What is digital consent?
A Digital FHIRBlocks Consent is a type of a Verifiable Credential as defined by the Decentralized Identity working group at the W3C. It is common to represent these Consents as a JSON Web Object, and is digitally signed by the Consent Issuer, which is commonly a patient, in the case of healthcare Consents. A Digital Consent contains various “claims” (in W3C parlance), which in fact describe the scope, business purpose, duration, and other parameters. These claims are managed using the JSON-LD standard, and are usually defined as part of the client onboarding process for FHIRBlocks. FHIRBlocks provides a set of pre-built JSON-LD structures to aid this process, which collectively form an open, extensible “grammar” for defining, granting, and managing Consents.
Note that with FHIRBlocks e-forms, Consent credentials can drive the creation of patient-augmented auto-filled PDF forms, which are digitally signed by the Consent issuer (e.g., Patient).
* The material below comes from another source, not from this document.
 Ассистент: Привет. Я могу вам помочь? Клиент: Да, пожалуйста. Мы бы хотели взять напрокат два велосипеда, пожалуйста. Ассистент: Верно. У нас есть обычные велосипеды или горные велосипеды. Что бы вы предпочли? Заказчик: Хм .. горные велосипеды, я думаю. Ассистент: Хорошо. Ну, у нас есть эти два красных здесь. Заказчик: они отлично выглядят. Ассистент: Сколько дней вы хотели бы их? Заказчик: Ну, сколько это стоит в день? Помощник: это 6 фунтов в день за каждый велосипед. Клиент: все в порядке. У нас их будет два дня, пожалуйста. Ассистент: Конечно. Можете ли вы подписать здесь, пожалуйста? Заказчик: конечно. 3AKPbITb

These filled PDF acroforms provide seamless integration into current business processes and health information management systems, thus providing strong support for legacy systems.
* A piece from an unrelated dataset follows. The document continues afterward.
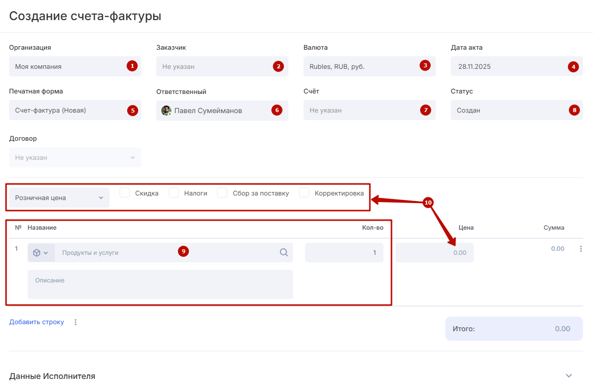 Поля с данными исполнителя будут заполнены в соответствии с печатной формой счета-фактуры (1).

Where are granted consents stored?
The FHIRBlocks platform stores completed Consents in Consent Wallets, which are available within “Identity Hubs” in the Azure cloud offering (known in FHIRBlocks as “Consent Pools”) and/or on Consent Wallets on mobile devices (iOS, Droid). The specifics of individual use cases typically determine the most appropriate storage location, and the various methods can be combined. Additionally, granted Consents can also be stored within legacy EHR systems.
Can consents be revoked?
Yes. Digital Consents can be revoked. FHIRBlocks provides a Revocation Ledger whereby an issuer can rescind a previously issued Consent. Various “Relying Parties” in possession of a Consent (e.g., a healthcare provider validating a digital power of attorney) can query the Revocation Ledger to determine whether the Consent had been subsequently revoked.
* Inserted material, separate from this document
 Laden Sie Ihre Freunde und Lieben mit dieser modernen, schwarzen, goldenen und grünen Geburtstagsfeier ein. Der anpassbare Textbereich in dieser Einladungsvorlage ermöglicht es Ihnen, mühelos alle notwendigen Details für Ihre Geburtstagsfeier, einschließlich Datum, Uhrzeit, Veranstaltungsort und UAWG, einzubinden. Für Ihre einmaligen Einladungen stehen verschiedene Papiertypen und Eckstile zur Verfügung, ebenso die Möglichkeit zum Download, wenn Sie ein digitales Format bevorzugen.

Once a consent is given, what then enforces that consent?
A range of enforcement capabilities are supported. Consents rendered as digitally signed PDFs can be incorporated into legacy workflow systems, for example, a Health Information Management department Release of Information Workflow. Digital Consents stored in Consent Pools (see above) can be used to power Policy Enforcement Points (PEP): PEPs can use Consents to determine whether a proposed data use action is allowed under applicable Consent policy. PEPs can augment OAUTH2 compliant authorization servers, bringing the power of digital Consent to a wide array of OAuth2 protected resources (e.g., a FHIR resource server) as well as Extract-Transform-Load (ETL) platforms commonly used in construction of data lakes.
How does the Data Owner determine their consent attributes?
Data Owners are typically individual patients. FHIRBlocks provides a prebuilt set of Consent templates, that can be created as needed using the FHIRBlocks admin interface. Data Owners use these templates, and populate them with their consent choices (example: selection of a Consent expiration date). Once all choices are made and validated by the Data Owner, the Consent is digitally signed by the Data Owner, and placed into the Consent repository as defined in the template.
Additionally, FHIRBlocks is building consent templates based upon the USCDI spec (1.0, 2.0…) so that a healthcare consumer, such as a Patient may choose their data access and sharing preferences in a fine-grained manner.
How are Data Owner consent decisions exposed?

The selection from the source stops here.